Il supplemento Affari & Finanza di Repubblica ha intervistato Arianna Huffington, gran dama del sito The Huffington Post, una delle donne più influenti d’America, inserita addirittura dal Financial Times fra le cinquanta persone in grado di farci uscire dalla crisi a fianco di Barack Obama (di cui è amica e ammiratrice).

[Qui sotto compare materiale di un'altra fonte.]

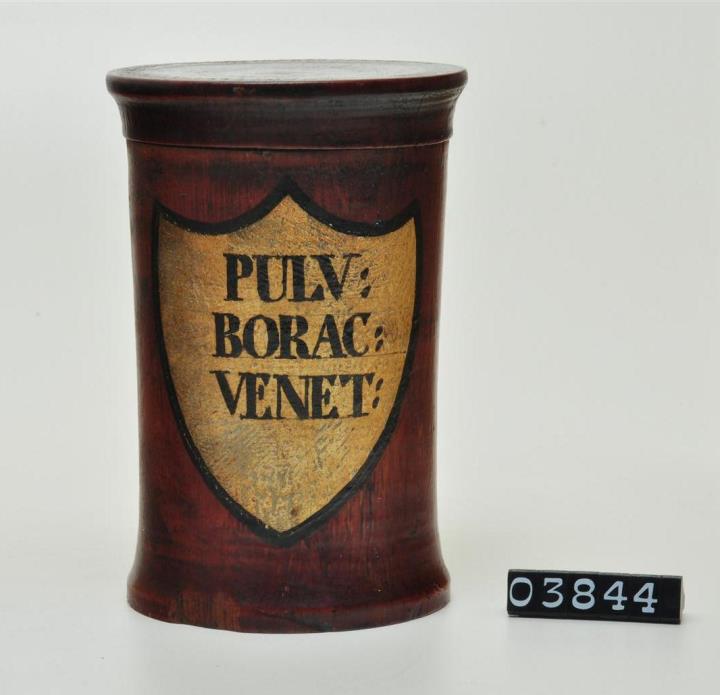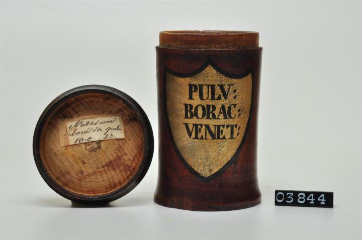 Braune, zylinderförmige gedrechselte Holzdose (Holzbüchse) mit abgesetztem Standfuß und eingepaßtem, kaum gewölbtem Stülpdeckel und nach außen gebogenem Profil. Auf der Schauseite schildförmiges und goldfarbenes Beschriftungsfeld mit schwarzem Rand. Schwarz signiert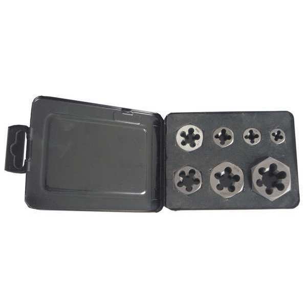Description Die Set, Hex, Solid, Carbon Steel, Number of Dies in Set 7, Thread Sizes Included M10x1.5, M12x1.75, M14x2, M16x2, M20x2.5, M6x1, M8x1.25, Thread Standard Metric, Thread Direction Right Hand, Die Sizes included M10x1.5, M12x1.75, M14x2, M16x2, M20x2.5, M6x1, M8x1.25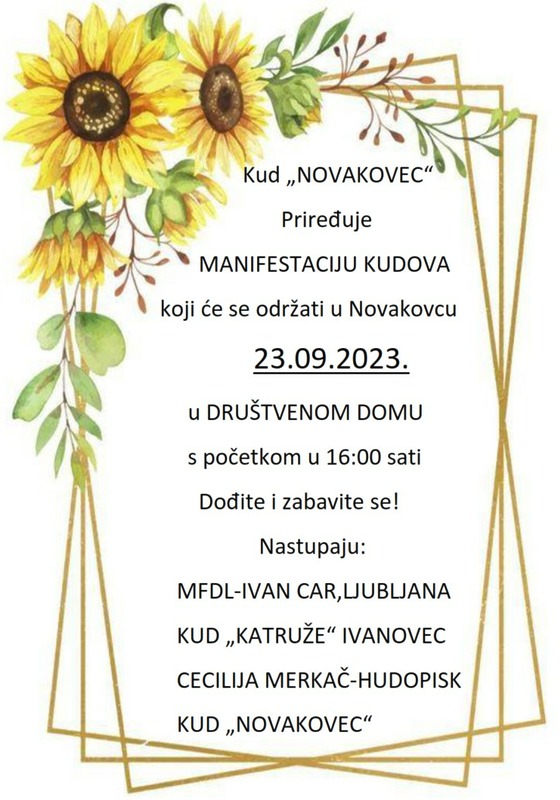 U subotu, 23. rujna 2023. godine u Društvenom domu u Novakovcu (općina Podturen), u organizaciji KUD-a Novakovec, održat će se kulturna manifestacija i druženje prijateljskih KUD-ova.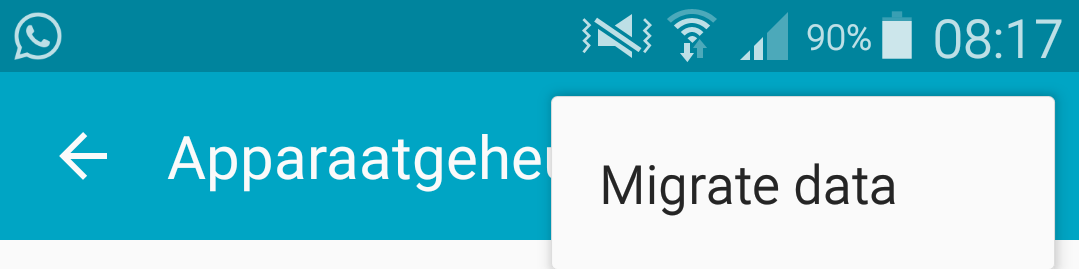 Om data naar je SD-kaart (van je apparaatopslag) te verplaatsen, druk je op SD-kaart. Vervolgens kun je rechtsboven bij de drie stipjes kiezen voor Migrate Data.

The Huffington Post.com è, nelle parole della sua fondatrice, tre cose: ”innanzitutto un giornale online vero, con tutte le sezioni, i cui lettori per metà sono interessati alla politica e per l’altra metà a cronaca, costume, spettacolo, sport, cultura, ambiente. Cerchiamo di pubblicare notizie fresche, anche scomode, storie che per un motivo o per l’altro i giornali più grandi trascurano, vogliamo essere la corte d’appello per il lettore e le storie più intriganti. Secondo: è una raccolta di blog, ormai più di duemila. E infine è una community vivacissima, un luogo di dibattito aperto, un forum di confronto di opinioni anche diverse dalle nostre. Che sono, tanto per intendersi, schierate con quella che definiremmo, ci perdoni l’italianità, l’ala sinistra del partito democratico”.
Ora, annuncia la Huffington, ”stiamo per lanciare l’investigative fund, creato con alcune fondazioni per sostenere i reporter più bravi fra quelli licenziati in questi mesi sciagurati. Ci portano una proposta, la valutiamo, se è il caso finanziamo le spese di trasferta e raccolta di documenti. Poi pubblichiamo l’inchiesta sul sito».

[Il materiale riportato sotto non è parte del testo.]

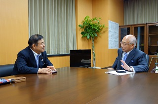 8月20日(木)、早稲田大学でスポーツ政策を専攻する間野義之教授が遠藤大臣を訪ね、意見交換を行いました。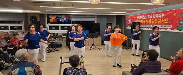 이날 재능기부로 안산시체육회 김현진 사무국장이 사회를 맡았으며 언제나 찾아가는 재능기부를 실천하는 안산제일신협 라온소리합창단 단원들과 이재화 지휘자와 일동행복센터 라인댄스 동아리, 일동 아마존 방송댄스,엘림콘테이너 대표이사인 김구연 조합원의 색소폰연주, 가수 김성 조합원의 노래등 안산제일신협 조합원으로 구성된 공연팀과 함께 연말연시 요양원 어르신들께 행복과 사랑, 따뜻한 온기를 함께 전달했다.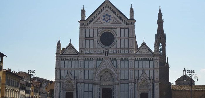 聖十字大教堂裡有許多名人的陵墓,像但丁,米開朗基羅,伽利略等。復活節當天教堂不開放,我們沒能進去參觀,便在教堂前面的廣場上拍了幾張到此一遊的照片,總算是看到了張同學心中惦記已久的聖十字大教堂。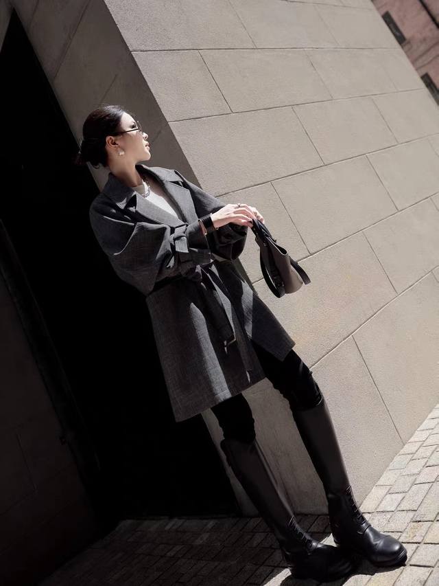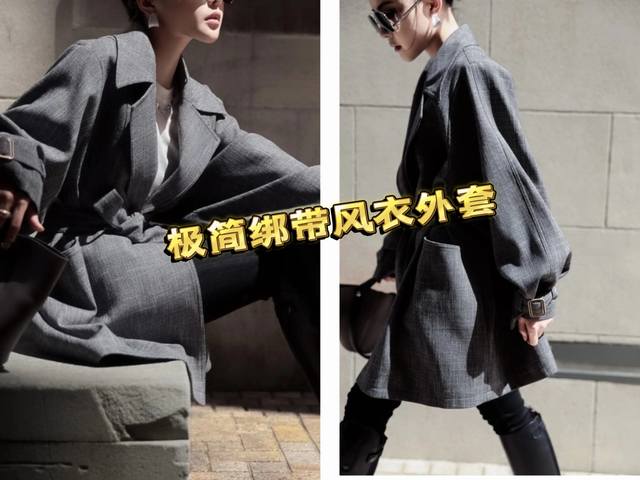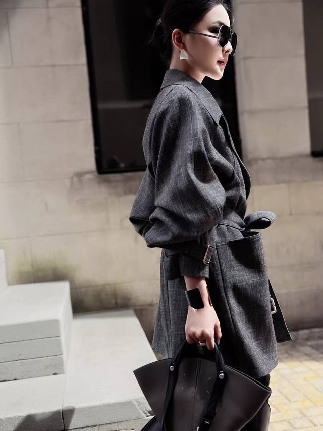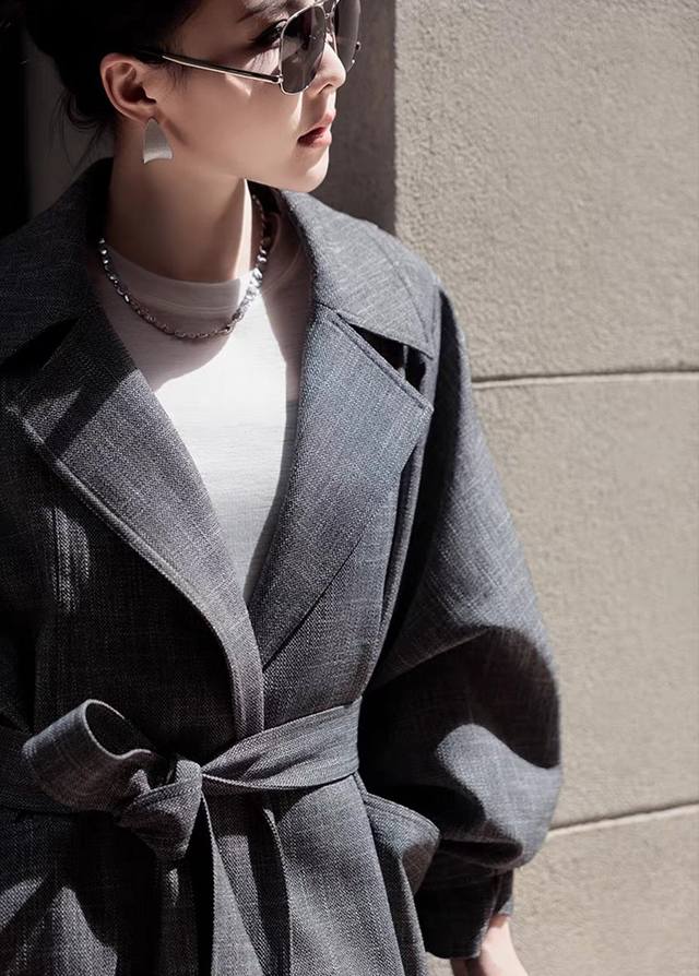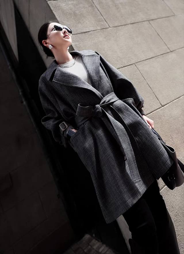 Light luxury retro minimalist old money style boutique wool blend trench coat! High-end British style temperament waist lapel silhouette classic trench coat! Classic gray, versatile and textured! Smlxl

‘Oggi HP ha 20 milioni di utenti unici mensili, un flusso costante di pubblicità (quella online in America è cresciuta del 13% nell’ultimo anno mentre quella su carta è scesa del 40) e spese contenute: l’organico è di 55 persone fra New York e Los Angeles, compresi i giornalisti, gli amministrativi e i moderatori, cioè chi verifica i tantissimi contributi spontanei che arrivano da un numero di collaboratori occasionali che ha superato il milione l’anno scorso”
Precisa Arianna Huffington: “Non voglio mettermi in concorrenza con la stampa “storica”, rispettabile e autorevole. Ma mi permetto di dare un suggerimento: gli editori tradizionali devono capire, accelerando e spingendo sulla presenza anche in rete, che siamo di fronte a una generazione, e non mi riferisco solo ai più giovani, che solamente su Internet si informa, studia, gioca, vede i film e sente musica. È lì che bisogna intercettarla».